Die vier wesentlichen Gründe für diese relative Entwicklung waren:

  • das veränderte Anlegerverhalten nach der Finanzkrise, eher auf schnellere, weniger
    kapitalintensivere Branchen zu setzen
  • der Mittelzufluss in nachhaltigkeitsorientierte Titel seit dem Pariser Abkommen 2015, der vor allem nicht-zyklische, nicht-industrielle Unternehmen begünstigte
  • der zwei Dekaden währende Zinssenkungstrend, der die relativen Barwerte vor allem wachstumsstarker Unternehmen und damit deren Attraktivität erhöhte
  • die globale Technologieführerschaft und Marktmacht der genannten Unternehmen

Die Rallye hat die Unternehmen zu absoluten Indexschwergewichten mutieren lassen, kein ETF kommt an diesen Titeln vorbei. Der fragwürdige Trend zum passiven Investieren begünstigt ein stückweit eine selbsterfüllende Prophezeiung, die im Einzelfall zu irrwitzig hohen Bewertungen geführt hat.

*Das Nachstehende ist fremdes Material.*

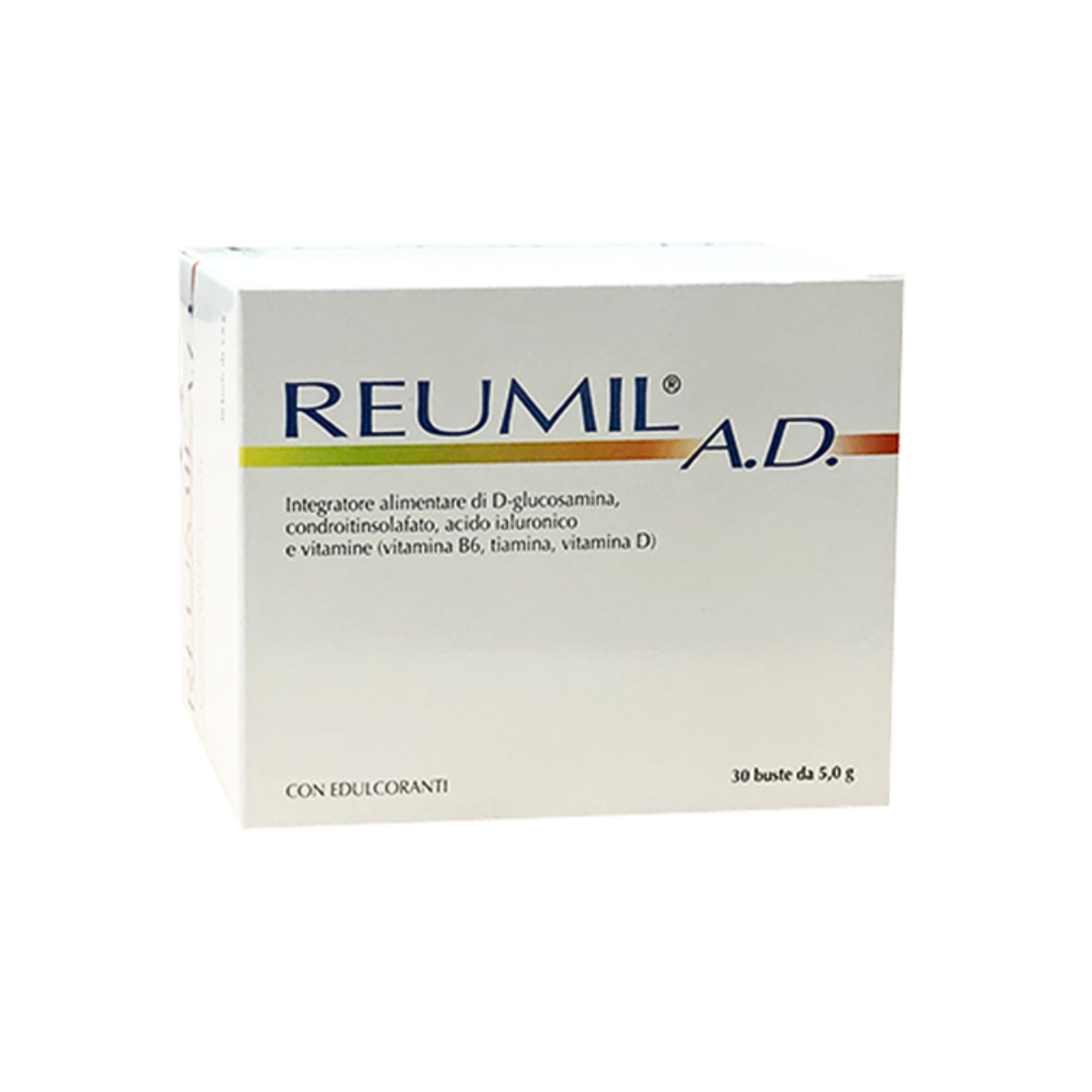 Reumili A.D. fale permbajtjes se larte dhe te ekuilibruar te sulfatit te glukozamines dhe te kondraitines, i mundeson artikulacioneve lenden e domosdoshme per permiresimin e gjendjes biokimike duke favorizuar rikonstruktimin e kartilagove. Reumili A.D. eshte i dobishem ne korrigjimin e trofise kartilagenoze si dhe favorizon korigjimin e osteoartrozave me prejardhje te ndryshme:

Mit dem letzten Jahr schien die Wende eingeläutet – unter den Zinsanstiegen litt besonders der Technologiesektor und damit auch genannte Schwergewichte. Prompt war vom Value-Comeback die Rede, auch Europa machte sich Hoffnung auf einen Bruch der ewig anmutenden Phase der Underperformance. Die Technologieaktienkorrektur in 2022 war heftig und wenig differenziert – dabei gibt es Wachstumsaktien und Wachstumsaktien. Solche, die bislang nie Geld verdient haben und dieses auch nicht auf absehbare Zeit – vielleicht auch niemals – tun werden und solche, die bereits heute hochprofitable Marktführer sind. Beiden gemein sind natürlich die zu jetzt höheren Zinssätzen abzuzinsenden für die Zukunft erwarteten Unternehmensgewinne.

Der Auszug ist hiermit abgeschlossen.